Phase 1: Initial Stretching (Force $0 \to F$)
Initially, a length $x_0$ is outside. The cord inside is held by friction. As we pull, the tension rises to $F$. Only the outside part ($x_0$) stretches effectively during this ramp-up.
The stiffness of the segment $x_0$ is $k_{out} = \frac{k l_0}{x_0}$.
Work done to stretch this part to force $F$: $$W_1 = \frac{1}{2} \frac{F^2}{k_{out}} = \frac{1}{2} \frac{F^2 x_0}{k l_0}$$ The extension achieved is $\delta_1 = \frac{F}{k_{out}} = \frac{F x_0}{k l_0}$.

Phase 2: Pulling Out (Constant Force $F$)
Once tension reaches $F$, the cord starts sliding out. We maintain force $F$ until the tail leaves the box.
Initial position of pull point: $x_0 + \delta_1$
Final position of pull point: When the cord is fully out, its total relaxed length is $l_0$. Under tension $F$, its total length is $l_0 + \Delta_{total}$, where $\Delta_{total} = F/k$.

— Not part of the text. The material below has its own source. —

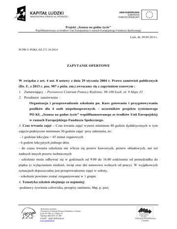 Projekt „Szansa na godne życie” Współfinansowany ze środków Unii Europejskiej w ramach Europejskiego Funduszu Społecznego Łask, dn. 09.09.2014 r. PCPR-V-POKL.SZ.271.10.2014 ZAPYTANIE OFERTOWE W związku z art. 4 ust. 8 ustawy z dnia 29 stycznia 2004 r. Prawo zamówień publicznych (Dz. U. z 2013 r. poz. 907 z późn. zm.) zwracamy się z zapytaniem cenowym : 1. Zamawiający - Powiatowe Centrum Pomocy Rodzinie, 98-100 Łask, ul. 9 Maja 33 2. Przedmiot zamówienia : Organizacja i przeprowadzenie szkolenia pn. Kurs gotowania i przygotowywania posiłków dla 4 osób niepełnosprawnych. - uczestników projektu systemowego PO KL „Szansa na godne życie” współfinansowanego ze środków Unii Europejskiej w ramach Europejskiego Funduszu Społecznego. 3. Czas trwania zajęć – Czas trwania zajęć wynosi minimum 40 godzin dydaktycznych w tym zajęcia praktyczne minimum 30 godzin zajęć przy założeniu, że: - 1 godzina lekcyjna = 45 minut zegarowych - 6 godzin lekcyjnych jednego dnia - do czasu trwania szkolenia nie wlicza się przerw kawowych, przerw obiadowych, ani też żadnych innych przerw technicznych - szkolenie może odbywać się w godzinach od 9.00 do 16.00 codziennie od poniedziałku do piątku (z wyłączeniem niedziel, świąt oraz dni ustawowo wolnych od pracy). W wyjątkowych sytuacjach dopuszczalne jest przeprowadzenie zajęć w soboty. - szkolenie powinno zostać zorganizowane w 1 grupie 4. Tematyka szkoleń obejmuje co najmniej: -podstawy żywienia człowieka, przepisy sanitarne, bhp, p. poż; Realizator projektu Powiatowe Centrum Pomocy Rodzinie w Łasku Łask 98-100, ul. 9 Maja 33 Tel/fax 043 675 37 49 e-mail: [email protected] www.pcprlask.pl Instytucja Pośrednicząca 2 stopnia Projekt „Szansa na godne życie” Współfinansowany ze środków Unii Europejskiej w ramach Europejskiego Funduszu Społecznego - Zajęcia praktyczne: przygotowanie posiłków uwzględniających wybrane diety; technologia gastronomiczna - techniki sporządzania, sposoby dekorowania i podawania potraw - w tym: potrawy tradycyjnej kuchni polskiej, potrawy z wykorzystaniem produktów sezonowych, przygotowanie przetworów. 5. Miejsce organizacji szkolenia: Łask, bądź inne miasto na terenie województwa łódzkiego, Wykonawca jest zobowiązany zapewnić transport uczestników z miejsca ich zamieszkania na miejsce szkolenia i z powrotem (miejsce zamieszkania uczestników szkolenia: 1 osoba z Czestkowa - gmina Buczek; 2 osoby z Kolumny - gmina Łask; 1 osoba z Łasku. 6. Termin wykonania zamówienia: 06 października 2014 r – 31 października 2014 r. 7. Dodatkowe informacje: - do oferty należy przedłożyć harmonogram, będący propozycją terminów szkolenia, - Zamawiający wymaga zorganizowania szkolenia jedynie dla wskazanych przez niego beneficjentów z wsparciem dwóch trenerów, - zaoferowana cena powinna uwzględniać wykonanie wszystkich prac i czynności oraz zawierać wszelkie koszty związane z realizacją zamówienia świadczonego przez okres i na warunkach określonych w ofercie (w tym m.in. zapoznania uczestników z zasadami żywienia, technologią gastronomiczną i towaroznawstwem, wyposażeniem technicznym zakładów gastronomicznych oraz z ćwiczeniami praktycznymi. Koszt zorganizowania kursu powinien uwzględniać ponadto wydatki związane z przygotowaniem niezbędnych materiałów szkoleniowych dla uczestników szkolenia, z zakupem odpowiednich produktów spożywczych, opłat związanych z udostępnieniem pomieszczenia wraz z niezbędnym zapleczem technicznym, w którym odbywać będą się zajęcia praktyczne, - program szkolenia musi być dostosowany do potrzeb i możliwości uczestników- osób niepełnosprawnych. 8. Wykonawca zobowiązany jest zapewnić: a) kadrę prowadzącą szkolenie, posiadającą odpowiednie kwalifikacje, uprawnienia i doświadczenie, w tym doświadczenie w pracy z osobami niepełnosprawnymi; (w sposób zapewniający ciągłość prowadzonych zajęć – np. w razie konieczności zastępstwo), Realizator projektu Powiatowe Centrum Pomocy Rodzinie w Łasku Łask 98-100, ul. 9 Maja 33 Tel/fax 043 675 37 49 e-mail: [email protected] www.pcprlask.pl Instytucja Pośrednicząca 2 stopnia Projekt „Szansa na godne życie” Współfinansowany ze środków Unii Europejskiej w ramach Europejskiego Funduszu Społecznego b) salę szkoleniową wyposażoną w sprzęt niezbędny do wykonania szkolenia oraz indywidualne stanowisko pracy dla uczestników skierowanego na szkolenie; Warunki lokalowe i techniczne powinny być przystosowane do potrzeb i możliwości osób niepełnosprawnych; c) sprzęt niezbędny do przeprowadzenia zajęć praktycznych, materiały i narzędzia pomocnicze niezbędne do przeprowadzenia szkolenia; d) materiały dydaktyczne (każdy uczestnik szkolenia musi otrzymać na własność: program szkolenia i harmonogram zajęć, materiały szkoleniowe zgodne z tematyką szkolenia materiały z logotypami Unii Europejskiej i Europejskiego Funduszu Społecznego); dodatkowo jeden egzemplarz materiałów dydaktycznych dla Zamawiającego, przekazany najpóźniej 3 dni przed planowanym rozpoczęciem realizacji szkolenia, e) materiały biurowe dla każdego uczestnika na własność (teczka lub segregator, notatnik format A5 oraz długopis) – z logotypami Unii Europejskiej i Europejskiego Funduszu Społecznego. Wzór materiałów biurowych, tj. jeden komplet, powinien dotrzeć do Zamawiającego najpóźniej 3 dni przed planowanym rozpoczęciem realizacji szkolenia, f) oznaczenie miejsca szkolenia zgodnie z wymogami PO KL, g) catering dla uczestników szkolenia w postaci drugiego dania oraz „serwis kawowy” ( kawy, herbaty, ciastek, stałego dostępu do wody mineralnej) podczas każdego dnia zajęć, h) ubezpieczenie uczestników skierowanych na szkolenie od następstw nieszczęśliwych wypadków powstałych w związku ze szkoleniem oraz w drodze na szkolenie i z powrotem, i) niezbędne badania lekarskie przed rozpoczęciem szkolenie

Displacement of pull point during this phase: $$\Delta x = (l_0 + \frac{F}{k}) – (x_0 + \delta_1) = l_0 – x_0 + \frac{F}{k} – \frac{F x_0}{k l_0}$$ Work done in this phase ($W_2 = F \Delta x$): $$W_2 = F(l_0 – x_0) + \frac{F^2}{k} – \frac{F^2 x_0}{k l_0}$$

Total Work ($W = W_1 + W_2$): $$W = \frac{F^2 x_0}{2 k l_0} + F(l_0 – x_0) + \frac{F^2}{k} – \frac{F^2 x_0}{k l_0}$$ Combining the first and last terms ($\frac{1}{2}A – A = -\frac{1}{2}A$): $$W = F(l_0 – x_0) + \frac{F^2}{k} – \frac{F^2 x_0}{2 k l_0}$$ $$W = F(l_0 – x_0) + \frac{F^2}{k} \left( 1 – \frac{x_0}{2l_0} \right)$$